Quoth Papa Greenfield:

Shortly after an instructor first arrives at Cardozo's Intensive Trial Advocacy Program, after settling in with a bagel and coffee, Ellen Yaroshefsky would give a speech about how to critique the students' performance. It's been the same speech for years: First, tell them something they did well. Give them praise. Then, when you tell them what they didn't do so well, be gentle and constructive. End up on a positive note.This is the new rule of teaching....

This is not the new rule of teaching; it is an old rule of management. I remember hearing it from my dad some thirty years ago: when you are giving a correction to someone you're supervising, sandwich the negative between positives.

It is a broadly accepted social convention. The question is, is it an obstacle or an aid to teaching?

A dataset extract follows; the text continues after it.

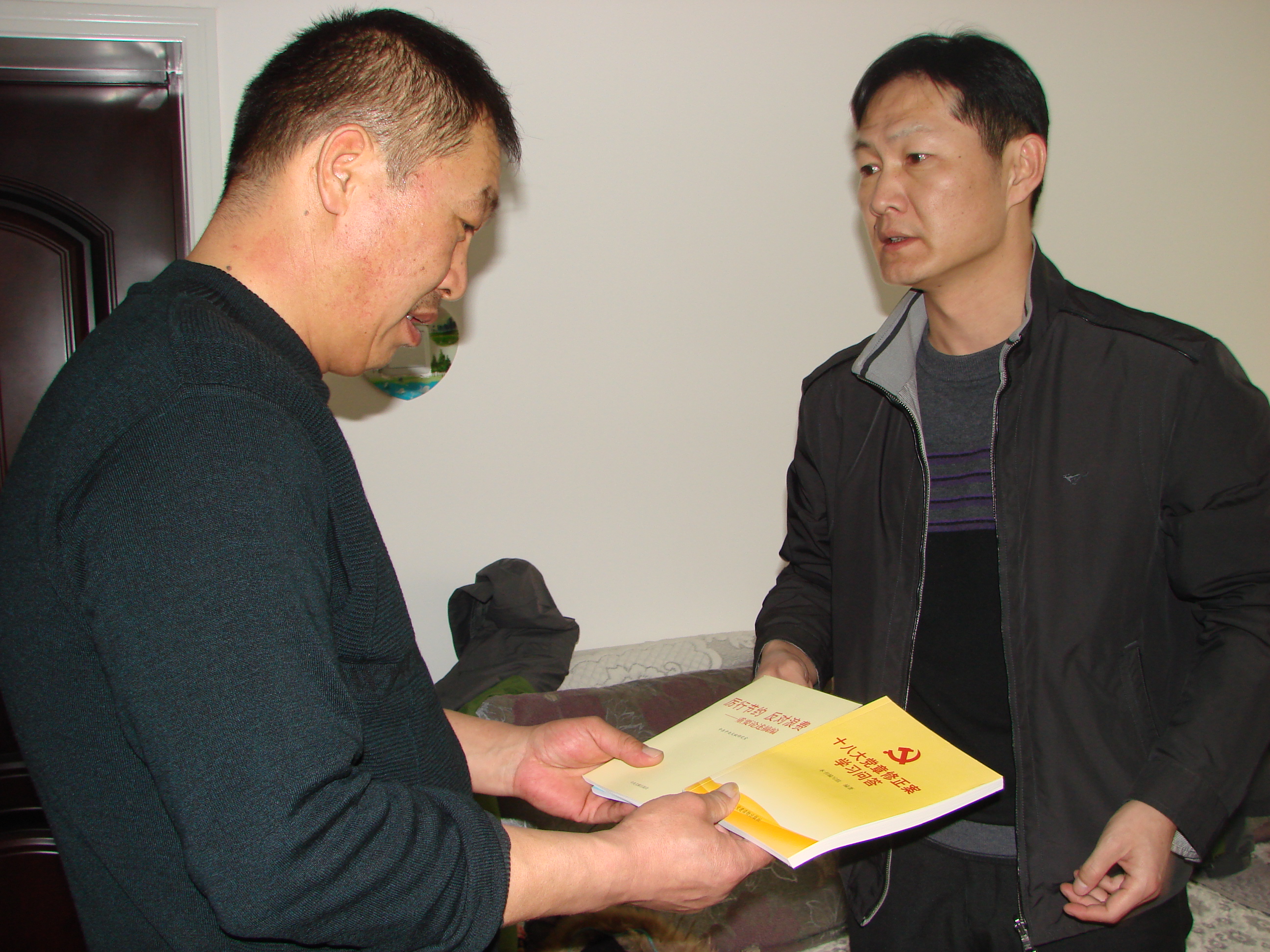 圖為電安公司教育實(shí)踐活動(dòng)領(lǐng)導小組組長(cháng)襲著(zhù)楓把關(guān)于開(kāi)展黨的群眾路線(xiàn)教育實(shí)踐活動(dòng)學(xué)習的書(shū)籍送到黨員孔勝利的手中

Greenfield seems to think it's an obstacle:

The directions to say something positive first, offer "constructive" criticism (and I use [doubt] quotes because construction is in the eyes of the student) and close on a positive note, creates what the study aptly describes as a Praise Sandwich, designed to make the student feel good at the expense of teaching the student to do better.

I am unconvinced.

Teaching and trial lawyering have a lot in common. In trial, we tell our client's story the way we tell it not because of some idea of the "correct" way to tell a story, nor to convince some idealized jurors, but because we think that the way we tell the story will be the most effective way to get the actual jury to agree with us.

Scott, who would never try a case as though to idealized jurors, wants to teach as though to idealized law students:

While one might hope, even expect, law students to be both tough enough and interested enough to be capable of handling more serious instruction, including the occasional harsh recognition that they are totally off the mark, the evidence is otherwise. They can be just as fragile, entitled and narcissistic as any kindergartner. Should they end up before a judge or jury one day holding another person's life in their hands, their praise sandwich isn't going to do them much good. But as long as they feel they were fabulous, that's what really matters.

Yes, law students can be just as fragile, entitled, and narcissistic as any kindergartener. So, for that matter, can criminal-defense lawyers, even very successful ones. But just as the trial lawyer's job is to convince real jurors, the trial advocacy instructor's job is to convince real students. The Sandwich Theory has become social convention because it works. It works because most human beings-not just law students-are fragile; by sandwiching constructive criticism between slices of praise, the teacher sends the message that the criticism is not personal.

And yes, criminal-defense lawyers should be tougher than that. But the Sandwich Theory is a teaching tool-perhaps an effective one-and if you want to teach people you'll use whatever tools come to hand.

There's an ongoing philosophical debate among those of us (we happy few) who think about such things: whether, when a lawyer's request for help reveals that he is out of his league, it is better to provide him with the help he asks for (enabling his continued blundering, but helping his current client) or to decline to help (not helping his current client, but not encouraging the lawyer to continue punching above his weight). Should we help the accused at the cost of nurturing incompetence, or make incompetent practice difficult at the cost of the accused?

At some point those who aren't cut out for this job need to figure it out. Those who can't stand being told that they are wrong, wrong, wrong should find their way into other ventures (like prosecution, or bonsai gardening). This is likely to happen eventually, though clients may be hurt in the interim.

But law school is not the place for this cull to be made, and where the Sandwich Theory is the advocacy program's rule, it is not the instructor's role to weed out those students who aren't going to make it.